▸ Available data
——
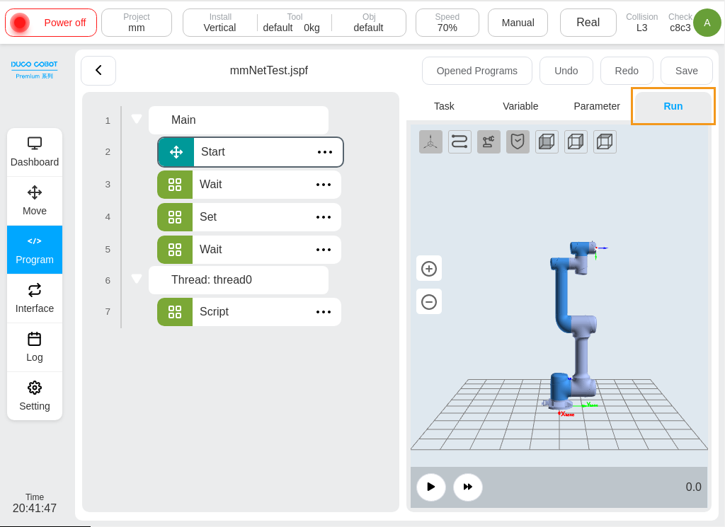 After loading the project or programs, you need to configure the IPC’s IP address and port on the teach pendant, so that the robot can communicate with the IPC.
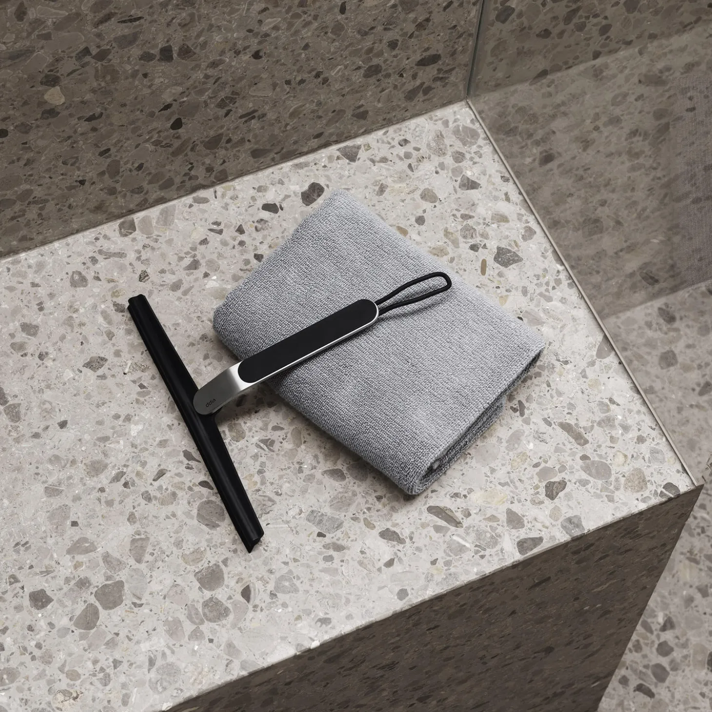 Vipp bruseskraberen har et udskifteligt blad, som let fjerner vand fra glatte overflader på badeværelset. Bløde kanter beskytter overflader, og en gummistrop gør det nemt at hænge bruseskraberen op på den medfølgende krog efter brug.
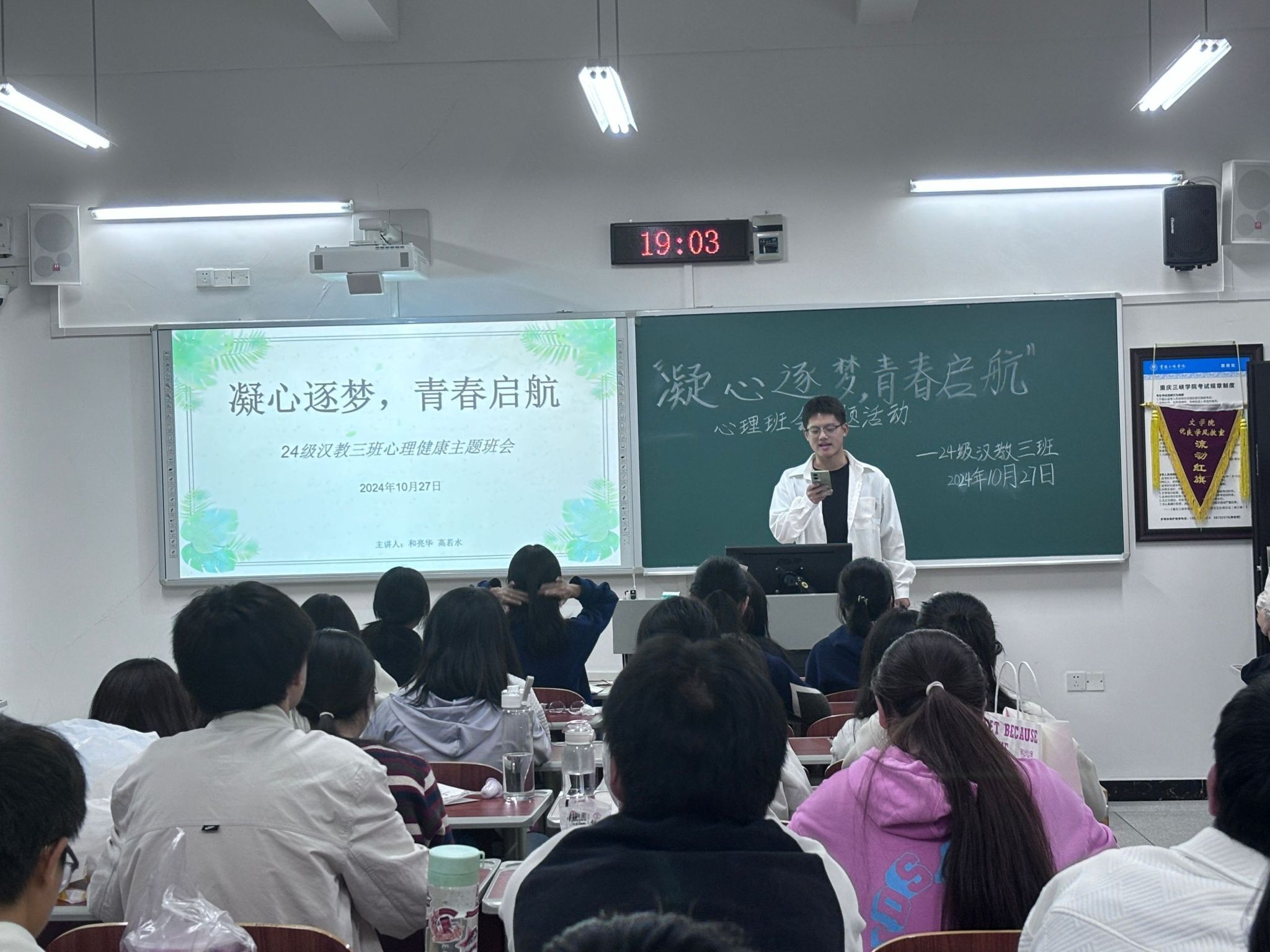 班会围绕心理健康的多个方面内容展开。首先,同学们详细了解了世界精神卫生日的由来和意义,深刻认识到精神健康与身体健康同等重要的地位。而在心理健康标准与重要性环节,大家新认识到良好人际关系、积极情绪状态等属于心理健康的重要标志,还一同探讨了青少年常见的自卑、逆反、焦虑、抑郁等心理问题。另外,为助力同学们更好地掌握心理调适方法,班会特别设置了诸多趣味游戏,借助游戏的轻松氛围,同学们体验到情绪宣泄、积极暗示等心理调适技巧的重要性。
——
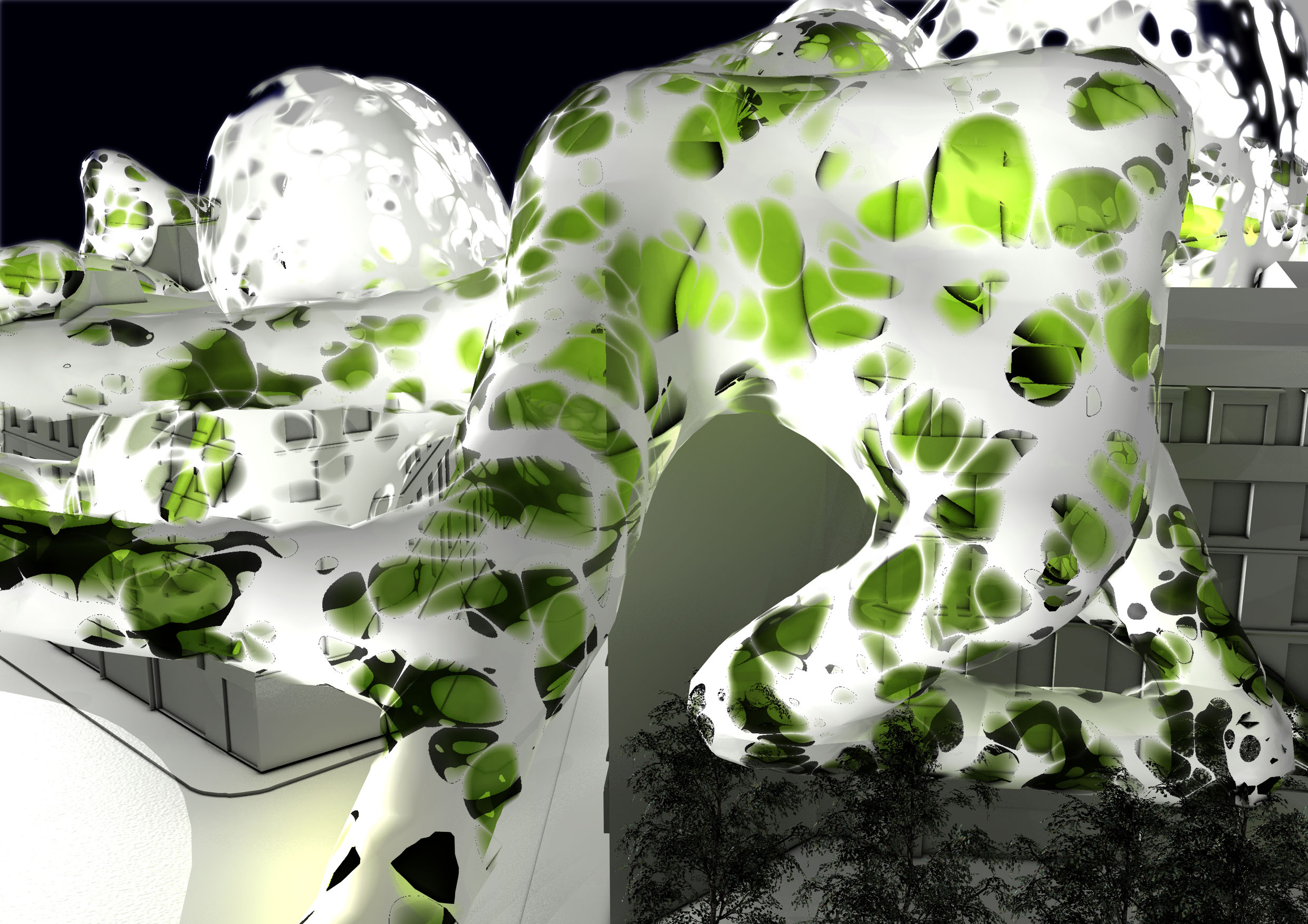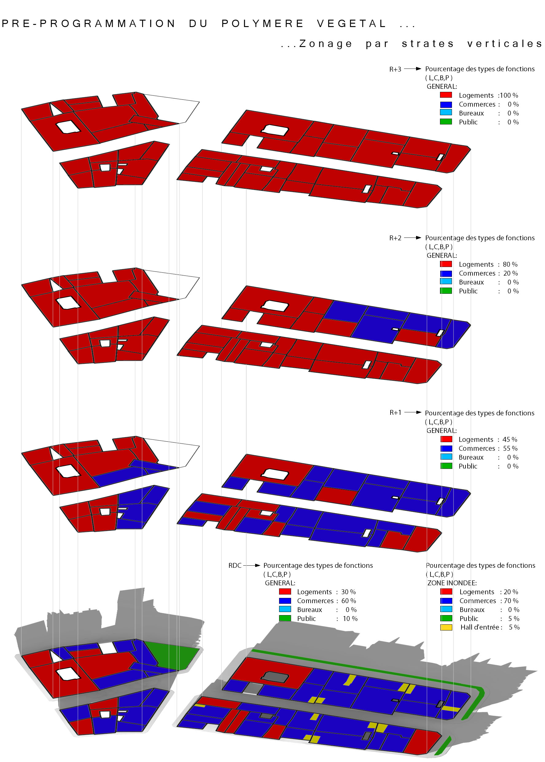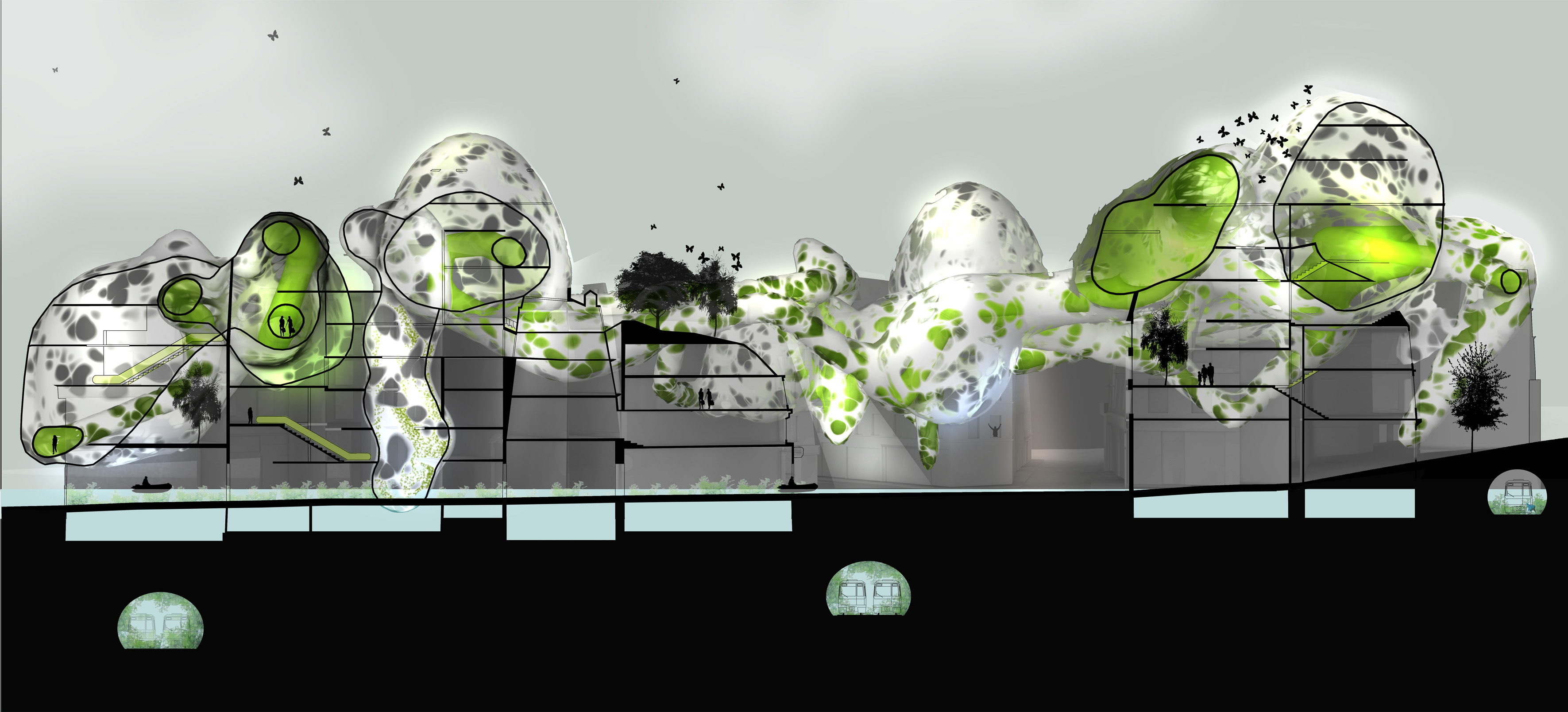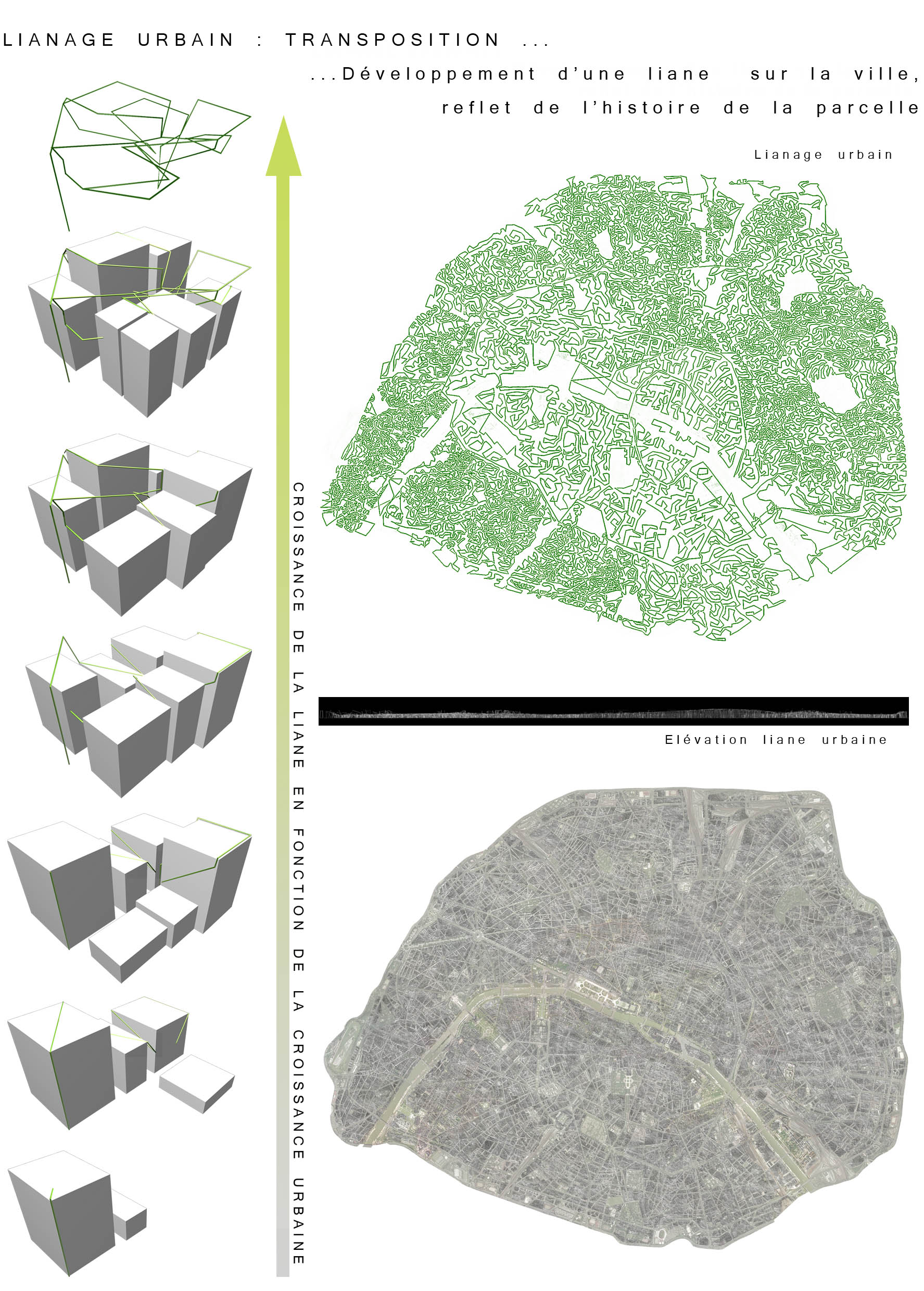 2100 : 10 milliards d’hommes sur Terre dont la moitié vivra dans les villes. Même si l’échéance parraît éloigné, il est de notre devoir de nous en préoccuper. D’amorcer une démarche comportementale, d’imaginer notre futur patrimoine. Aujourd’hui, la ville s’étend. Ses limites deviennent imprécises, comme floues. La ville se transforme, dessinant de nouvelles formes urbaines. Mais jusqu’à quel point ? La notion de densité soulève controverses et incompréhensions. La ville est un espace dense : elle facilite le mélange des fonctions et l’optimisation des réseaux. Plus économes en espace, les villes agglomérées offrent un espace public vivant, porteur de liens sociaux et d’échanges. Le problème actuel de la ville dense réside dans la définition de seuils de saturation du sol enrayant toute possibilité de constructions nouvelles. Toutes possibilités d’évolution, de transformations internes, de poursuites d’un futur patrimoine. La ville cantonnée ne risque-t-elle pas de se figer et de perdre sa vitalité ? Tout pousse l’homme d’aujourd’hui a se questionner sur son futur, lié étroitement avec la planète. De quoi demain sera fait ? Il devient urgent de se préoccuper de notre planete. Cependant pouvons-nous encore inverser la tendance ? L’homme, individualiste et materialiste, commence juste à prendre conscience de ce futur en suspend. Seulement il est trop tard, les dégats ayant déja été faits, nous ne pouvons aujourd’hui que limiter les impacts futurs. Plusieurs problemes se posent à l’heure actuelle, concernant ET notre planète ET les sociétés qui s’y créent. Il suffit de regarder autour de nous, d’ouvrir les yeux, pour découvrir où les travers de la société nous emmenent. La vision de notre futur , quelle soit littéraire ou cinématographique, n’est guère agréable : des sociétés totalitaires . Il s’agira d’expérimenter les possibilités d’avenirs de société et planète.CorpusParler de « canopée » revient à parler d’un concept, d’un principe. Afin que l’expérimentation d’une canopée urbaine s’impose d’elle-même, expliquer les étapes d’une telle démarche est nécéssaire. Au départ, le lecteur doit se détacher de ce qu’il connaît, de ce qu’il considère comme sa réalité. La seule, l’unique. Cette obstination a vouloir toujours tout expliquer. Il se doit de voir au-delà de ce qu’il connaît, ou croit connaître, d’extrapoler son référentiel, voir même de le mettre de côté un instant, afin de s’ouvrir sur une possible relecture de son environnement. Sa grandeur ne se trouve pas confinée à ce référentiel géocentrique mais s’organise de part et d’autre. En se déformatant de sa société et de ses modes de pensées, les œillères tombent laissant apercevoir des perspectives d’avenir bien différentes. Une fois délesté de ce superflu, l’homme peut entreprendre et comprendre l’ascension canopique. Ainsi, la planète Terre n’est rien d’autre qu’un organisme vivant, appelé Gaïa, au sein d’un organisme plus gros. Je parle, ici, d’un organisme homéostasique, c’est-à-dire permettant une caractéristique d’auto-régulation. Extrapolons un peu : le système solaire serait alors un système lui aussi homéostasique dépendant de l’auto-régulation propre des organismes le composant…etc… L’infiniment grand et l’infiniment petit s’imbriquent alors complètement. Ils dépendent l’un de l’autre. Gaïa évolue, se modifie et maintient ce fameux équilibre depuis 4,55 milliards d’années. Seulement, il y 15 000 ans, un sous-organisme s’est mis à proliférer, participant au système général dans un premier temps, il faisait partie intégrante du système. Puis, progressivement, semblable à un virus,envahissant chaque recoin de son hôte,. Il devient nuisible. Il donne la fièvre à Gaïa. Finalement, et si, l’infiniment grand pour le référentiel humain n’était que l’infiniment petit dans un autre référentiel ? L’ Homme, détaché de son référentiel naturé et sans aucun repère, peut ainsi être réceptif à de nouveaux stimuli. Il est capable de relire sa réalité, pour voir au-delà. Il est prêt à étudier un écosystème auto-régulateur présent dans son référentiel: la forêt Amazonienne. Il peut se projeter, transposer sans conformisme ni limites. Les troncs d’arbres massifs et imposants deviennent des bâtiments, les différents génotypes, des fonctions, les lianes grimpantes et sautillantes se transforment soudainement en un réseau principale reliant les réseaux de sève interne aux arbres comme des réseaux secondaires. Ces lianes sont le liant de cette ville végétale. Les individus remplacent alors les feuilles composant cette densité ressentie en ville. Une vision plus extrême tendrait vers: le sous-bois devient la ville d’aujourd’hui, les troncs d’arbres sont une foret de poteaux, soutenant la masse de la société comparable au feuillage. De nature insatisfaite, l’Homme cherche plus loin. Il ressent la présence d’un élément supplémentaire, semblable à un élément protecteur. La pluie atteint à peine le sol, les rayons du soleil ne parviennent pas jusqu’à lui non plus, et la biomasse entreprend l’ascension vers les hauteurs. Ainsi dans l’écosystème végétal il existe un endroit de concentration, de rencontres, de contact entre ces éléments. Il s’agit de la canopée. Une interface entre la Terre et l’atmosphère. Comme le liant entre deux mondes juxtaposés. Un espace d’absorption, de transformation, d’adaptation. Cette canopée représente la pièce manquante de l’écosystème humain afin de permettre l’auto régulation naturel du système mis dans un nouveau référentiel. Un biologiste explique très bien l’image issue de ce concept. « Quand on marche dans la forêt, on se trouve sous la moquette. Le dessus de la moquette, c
——
▸ Work request
From the records above, copy exactly the lines starting at the one with "After loading the" and ending at the one with "班会围绕心理健康的多个方面内", and no others. Pictures stay out.

▸ Exercise response
 After loading the project or programs, you need to configure the IPC’s IP address and port on the teach pendant, so that the robot can communicate with the IPC.
 Vipp bruseskraberen har et udskifteligt blad, som let fjerner vand fra glatte overflader på badeværelset. Bløde kanter beskytter overflader, og en gummistrop gør det nemt at hænge bruseskraberen op på den medfølgende krog efter brug.
 班会围绕心理健康的多个方面内容展开。首先,同学们详细了解了世界精神卫生日的由来和意义,深刻认识到精神健康与身体健康同等重要的地位。而在心理健康标准与重要性环节,大家新认识到良好人际关系、积极情绪状态等属于心理健康的重要标志,还一同探讨了青少年常见的自卑、逆反、焦虑、抑郁等心理问题。另外,为助力同学们更好地掌握心理调适方法,班会特别设置了诸多趣味游戏,借助游戏的轻松氛围,同学们体验到情绪宣泄、积极暗示等心理调适技巧的重要性。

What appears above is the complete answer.